Seaweed holds promise as more than an ingredient in a purifying face mask or a maki roll.

So say researchers at E.I. du Pont de Nemours & Co., which alongside Seattle-based Bio Architecture Lab (BAL) has secured $9 million from the Department of Energy to explore seaweed’s potential as a feedstock for biobutanol, an advanced biofuel.

Their venture appears to have largely cornered the current market. Though more than 200 companies have looked into algae-based biofuels, DuPont and BAL say most others have shied away from using macroalgae, like kelp.

“We’re in the vanguard here on this technology. There are other people who have talked about changing microalgae — green algae that floats in the water — into advanced biofuel, but [using] seaweed is unique,” said DuPont’s Nathan Danielson, a program manager who oversaw the companies’ DOE grant application.

That’s why the companies were able to win one of DOE’s Advanced Research Projects Agency-Energy (ARPA-E) awards, announced late last month, which are designed specifically for ambitious “high-risk, high-payoff” energy research projects.

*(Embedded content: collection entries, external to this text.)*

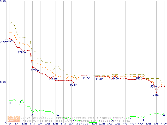 Socket A (Thunderbird,PGA,FSB 200MHz,L2 256KB)の最安値推移
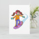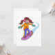 Une fille fait du snowboard sur une pente. Cette conception semble vraiment efficace sur ces invitations
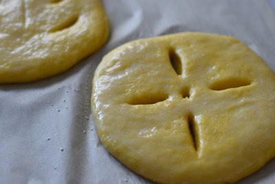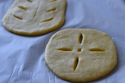 Le façonnage est très facile on façonne soit une galette ronde et plate ou en forme ovale puis on pratiquera une incision sur chaque coté de la galette.
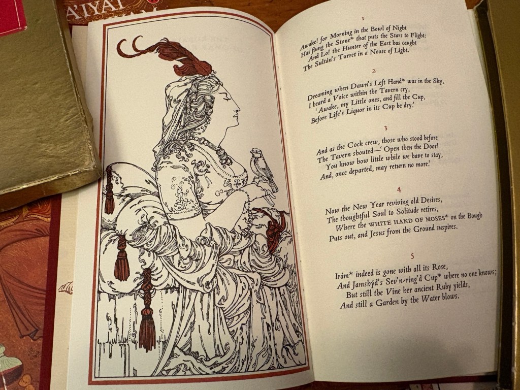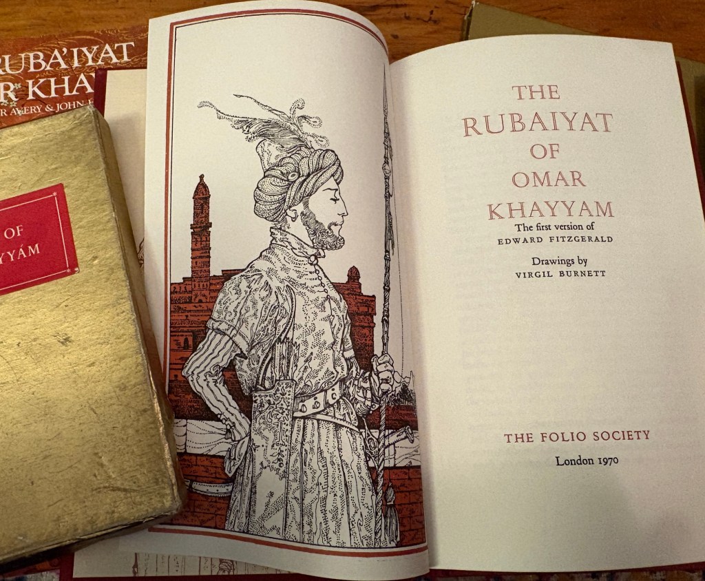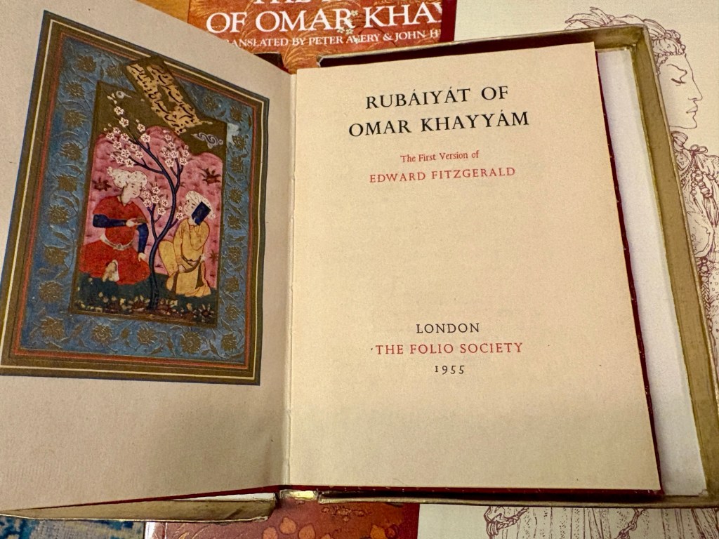 Because I had not unpacked any of my editions of The Rubáiyát until today — not one — yet somehow, as I opened three separate boxes (none of them labelled with anything other than the vague “Books”), three different editions appeared, one after another.

Part of the reason seaweed hasn’t taken off as a biofuel source is that it’s not part of American culture, said Nikesh Parekh, CEO of Bio Architecture Lab. “Our founders are from Japan, and they are much more familiar with seaweed farming and seaweed as a culture crop.”

Planting a large-scale seaweed farm would likely come up against stiff opposition from those who are not used to seaweed farms in their backyards, agreed Mike Graham, an ecologist specializing in seaweed at the California State University-associated Moss Landing Marine Laboratories.